START The data

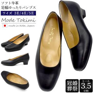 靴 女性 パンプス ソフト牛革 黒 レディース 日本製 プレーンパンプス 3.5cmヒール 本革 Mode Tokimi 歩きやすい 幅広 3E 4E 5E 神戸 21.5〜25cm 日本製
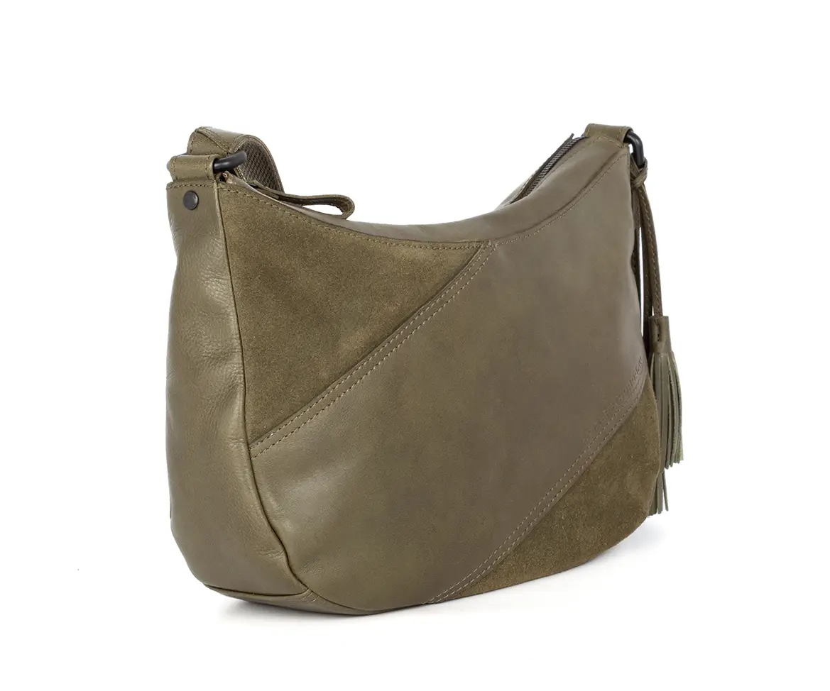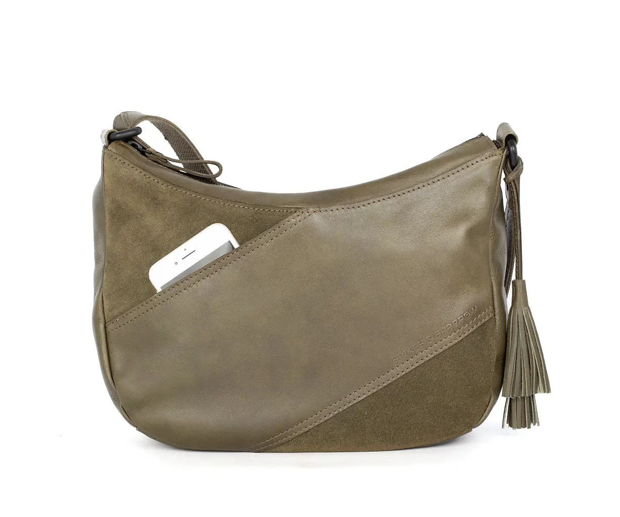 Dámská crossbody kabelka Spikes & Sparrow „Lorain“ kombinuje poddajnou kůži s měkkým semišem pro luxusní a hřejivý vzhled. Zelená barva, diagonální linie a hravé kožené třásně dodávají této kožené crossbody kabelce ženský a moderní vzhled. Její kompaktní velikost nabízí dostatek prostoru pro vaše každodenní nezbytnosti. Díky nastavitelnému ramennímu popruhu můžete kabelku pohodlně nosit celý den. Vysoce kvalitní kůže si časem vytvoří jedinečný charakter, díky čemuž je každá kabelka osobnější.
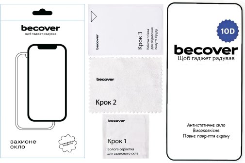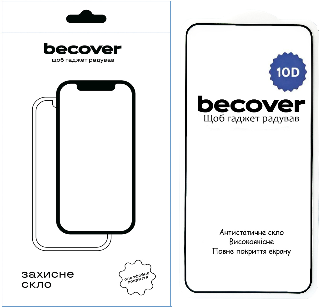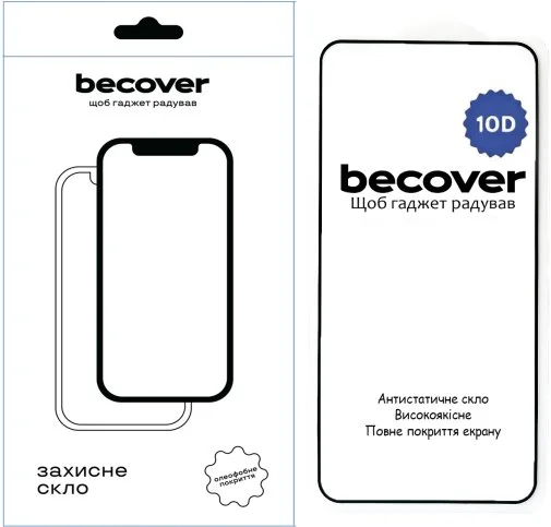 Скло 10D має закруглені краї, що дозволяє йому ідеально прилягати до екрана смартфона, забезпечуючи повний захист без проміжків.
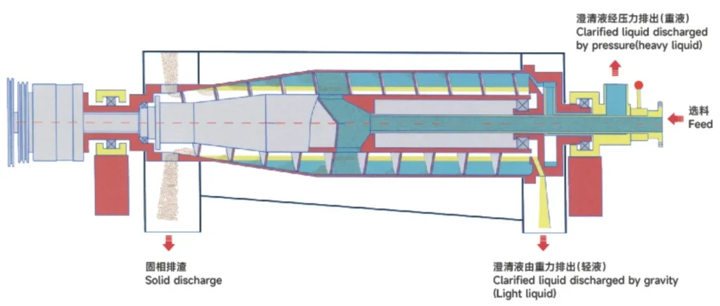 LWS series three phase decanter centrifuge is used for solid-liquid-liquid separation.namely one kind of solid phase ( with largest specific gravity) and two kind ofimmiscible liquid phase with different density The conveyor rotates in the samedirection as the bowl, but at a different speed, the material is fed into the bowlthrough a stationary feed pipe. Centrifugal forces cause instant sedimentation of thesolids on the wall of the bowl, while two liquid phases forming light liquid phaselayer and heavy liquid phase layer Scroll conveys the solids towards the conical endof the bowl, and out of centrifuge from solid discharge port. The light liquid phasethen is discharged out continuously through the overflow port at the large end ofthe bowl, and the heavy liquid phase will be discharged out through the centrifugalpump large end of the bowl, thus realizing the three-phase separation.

END The data

## Task item
Please reproduce, exactly and only, the lines from the line containing "Dámská crossbody kabelka" through the last line of the material above, minus any pictures.

## Task solution
 Dámská crossbody kabelka Spikes & Sparrow „Lorain“ kombinuje poddajnou kůži s měkkým semišem pro luxusní a hřejivý vzhled. Zelená barva, diagonální linie a hravé kožené třásně dodávají této kožené crossbody kabelce ženský a moderní vzhled. Její kompaktní velikost nabízí dostatek prostoru pro vaše každodenní nezbytnosti. Díky nastavitelnému ramennímu popruhu můžete kabelku pohodlně nosit celý den. Vysoce kvalitní kůže si časem vytvoří jedinečný charakter, díky čemuž je každá kabelka osobnější.
 Скло 10D має закруглені краї, що дозволяє йому ідеально прилягати до екрана смартфона, забезпечуючи повний захист без проміжків.
 LWS series three phase decanter centrifuge is used for solid-liquid-liquid separation.namely one kind of solid phase ( with largest specific gravity) and two kind ofimmiscible liquid phase with different density The conveyor rotates in the samedirection as the bowl, but at a different speed, the material is fed into the bowlthrough a stationary feed pipe. Centrifugal forces cause instant sedimentation of thesolids on the wall of the bowl, while two liquid phases forming light liquid phaselayer and heavy liquid phase layer Scroll conveys the solids towards the conical endof the bowl, and out of centrifuge from solid discharge port. The light liquid phasethen is discharged out continuously through the overflow port at the large end ofthe bowl, and the heavy liquid phase will be discharged out through the centrifugalpump large end of the bowl, thus realizing the three-phase separation.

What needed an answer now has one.